Porém, a Suprema Corte estadual disse que a jurisprudência federal desde 1979 desgastara a sustentação jurídica dessa decisão. Os policiais precisam de mais provas de que cada passageiro infringiu a lei, sustentou o tribunal.

“Nossos casos protegeram enérgica e corretamente a salvaguarda da privacidade individual de nossa constituição. As garantias... não somem nem desaparecem dentro dos confins de um automóvel”, escreveu o ministro Charles Johnson pela corte.

“Sustentamos que o cheiro de maconha na área geral em que se localiza um indivíduo é insuficiente, sem mais nada para substanciar a causa provável para prisão. Onde não existir nenhuma outra prova que vincule o passageiro com qualquer atividade criminal, a detenção do passageiro por suspeita de porte de substâncias ilegais e qualquer revista ulterior são inválidas e constituem invasões inconstitucionais do direito à privacidade desse indivíduo”, concluiu o acórdão.

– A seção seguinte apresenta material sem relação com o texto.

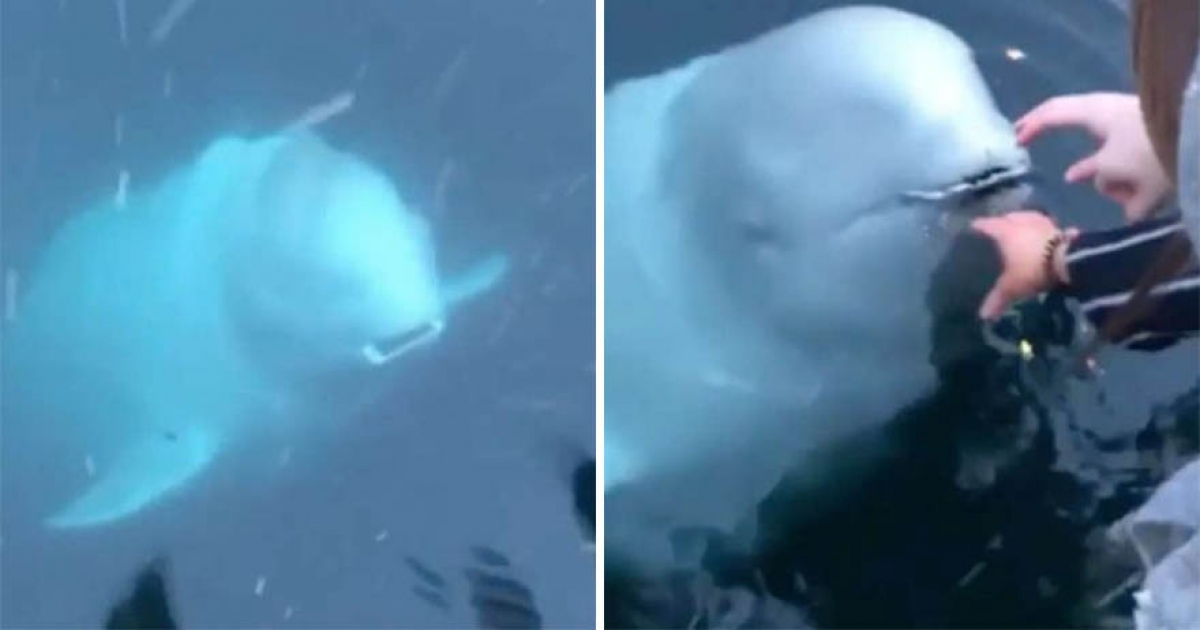 女遊客手玩手機掉入海! 小白鯨竟化身「湖中女神」撿回:這素是妳的嗎~
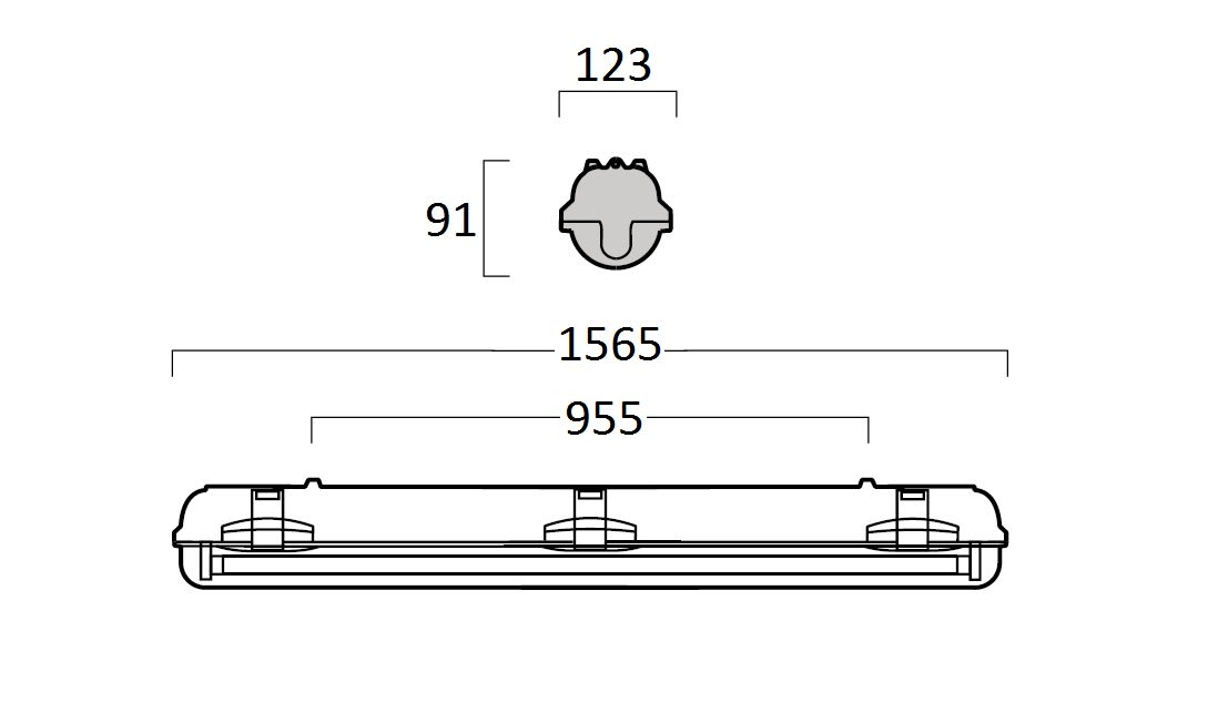 Corpo in policarbonato robusto (IK08). Stabilizzato UV corpo in policarbonato e diffusore. Prismi lineari progettati per ottimizzare il flusso luminoso e per ridurre i riflessi. Staffe di fissaggio in acciaio inox per montaggio a soffitto. Classe energetica: A ++, A +, A. Lunga vita extra con 50,000ore. Lampada: LED 75W 7270Lm 4000K. Corpo stile: doppia.
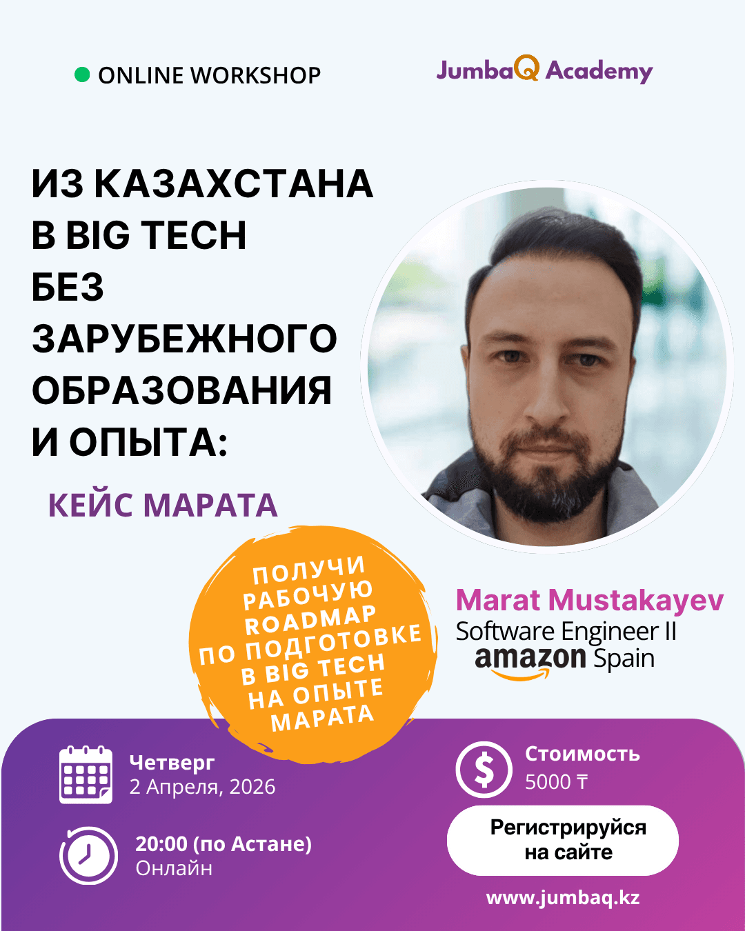 Приглашаю вас на воркшоп с Маратом, где вы составите личную дорожную карту подготовки к Big Tech на основе его опыта.

A decisão conseguiu elogios rápidos de reformadores das políticas de drogas e libertarianos. “Como declaração geral, é um retrocesso na direção que nosso governo esteve tomando ao passo que viramos uma espécie de sociedade de vigilância”, disse Alison Holcomb da sucursal de Washington da União Estadunidense das Liberdades Civis ao Seattle Post-Intelligencer. “Acho um alívio que o tribunal tenha reafirmado os valores que a nossa constituição pede”.

Vivian McPeak, organizador do Festival do Cânhamo de Seattle, disse ao jornal que não raro as pessoas eram detidas, encarceradas, estigmatizadas e tinham sua propriedade confiscada simplesmente por estarem em um veículo com alguém que portava ou fumava maconha. “Muitas pessoas foram pegas por estes delitos veiculares”, disse. “Estar em um carro costumava ser uma dessas situações em que se está no lugar errado na hora errada”.

David Zuckerman, advogado de Grande, aclamou a decisão, mas acrescentou que era “lastimável” que demorou tanto tempo para anular a jurisprudência estadual anterior em prisões por odor de drogas. “Acho que resultou em muitíssimos inocentes sendo algemados no acostamento da entrada simplesmente porque porventura estavam em um carro que cheira a maconha”, disse Zuckerman.